Satia Yes, I have read Sexton. Why do you suggest she would oppose poetry therapy? From what I know of Sexton, I can't imagine why she would but I may be overlooking something obvious.

message 3: by Ilze (new)

Ilze Well, if you think about it her poetry didn't "cure" her. I wish I could find the place where I read this, but somewhere is a quote in which Sexton states that people automatically assumed that she was "better" once she started writing poetry; which she wasn't. Her emotional turmoil was merely finding another outlet and I doubt she was ever out of therapy following the birth of her children.

Satia She did stay in treatment but I think it could be argued that if writing poetry didn't cure her it gave her a means of communicating her turmoil. Given how often women of her era (and especially before) were discouraged from being honest with their creativity, whatever form it took, I would suspect that had anyone dared to tell her not to write she would have balked at the decision. The fact that her first therapist told her to try writing poetry and that she chose not to stop is certainly an argument for how poetry helped her. No, it didn't cure Sexton but then the book, Poetry Therapy, doesn't suggest writing and/or reading poetry will cure anyone. It is merely another means of helping that a therapist can choose to use in treatment. (Interestingly, the author points out that poetry therapy is most effective for people who read a lot and even write already.)
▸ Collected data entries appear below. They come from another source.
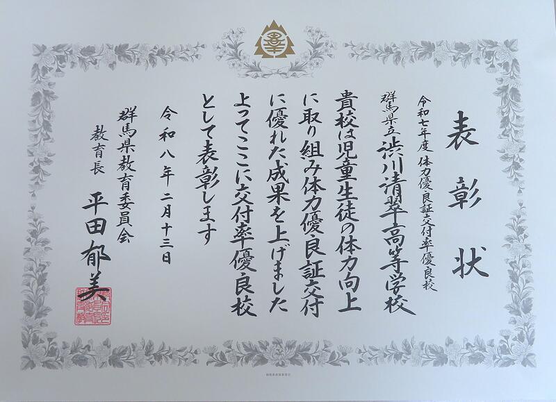 令和7年度の新体力テストの結果から、本校が生徒数300名から599名規模の県内高校の部において、体力優良証の交付率で入賞しました。
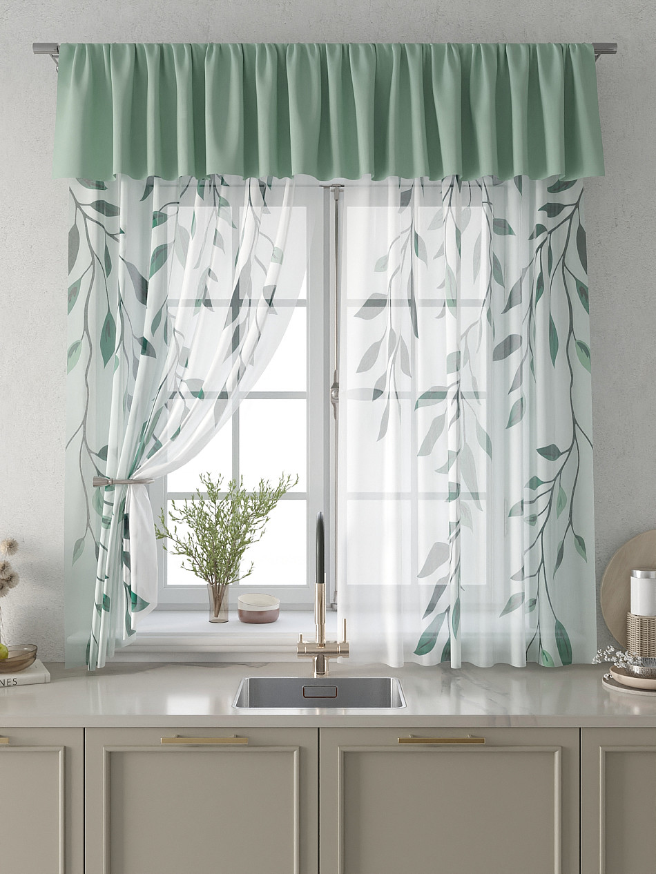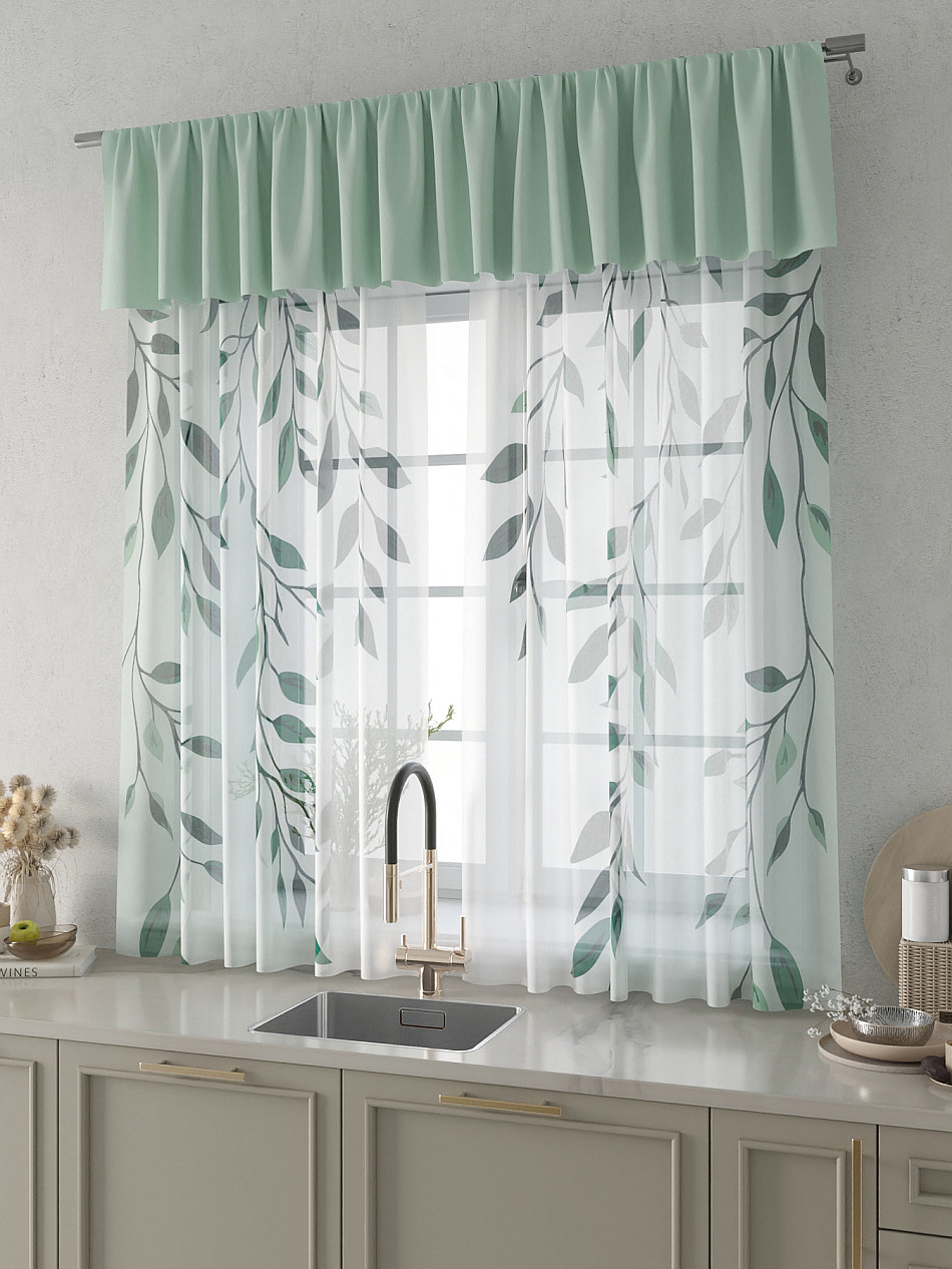 Вуаль 150х160 см. — 2 шт., Ламбрекен 300х40 см. — 1 шт. Комплект штор из вуали оформлены печатным рисунком. Печатный рисунок дает широкие возможности обновить интерьер фактически не требуя ремонта за счет огромного выбора. Ткани с печатным рисунком безопасны и не содержат токсичных веществ. Не смотря на то, что материал легкий, он имеет высокую плотность, мало загрязнятся и не требует особого ухода даже после стирки, что важно для кухонных занавесок. Тюль не выцветает, не растягивается, превосходно драпируются, образуя струящиеся складки. Прекрасное решение для создания красоты и уюта с помощью уникальных дизайнов.
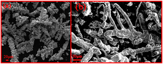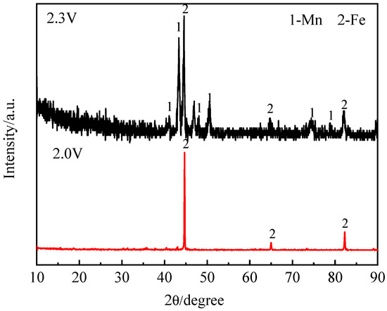 According to the calculated decomposition voltage, metal Fe was obtained when the electrolysis voltage exceeded 1.1 V. Meanwhile, metal Mn was obtained at voltages exceeding 2.3 V. The XRD in Figure 3 shows that the deposited products at 2.3 V are metal Fe and Mn. Meanwhile, the deposited product at 2.0 V is metal Fe. The electrolysis voltage is increased from 2.0 V to 2.3 V, and Mn2+ ions were electrolyzed to metal Mn. The SEM morphology of the deposited products is shown in Figure 4. The morphology of the product obtained at 2.0 V is dendritic. The morphology of metal Fe and Mn at 2.3 V exhibits a stick-like shape. The element contents of Fe and Mn in electrodeposited product were determined using ICP-OES. The Fe/Mn mass ratios of deposited product at 2 V and 2.3 V are 687 and 3.2, respectively. Thus, the different proportions of metal Fe-Mn were prepared by controlling the electrolytic voltages.

I am going to respectfully disagree with you when you suggest Sexton would oppose poetry therapy. Odds are, she would say something against it but actions speak louder than words and that she chose to keep writing in the face of her increasing desperation strongly implies that she found something beneficial in writing poems.

message 5: by Ilze (new)

Ilze Absolutely! Sexton would not have lived as long as she did, was it not for her poetry! I think it gave her a reason to carry on. Maybe what I'm trying to say is that poetry on its own is not the answer. It needs to be combined with other things, ie. talking cures, medication, etc. I for one would've loved a therapist that was interested in my poetry. Unfortunately, although she looked at it, she wasn't prepared to let it rule the session.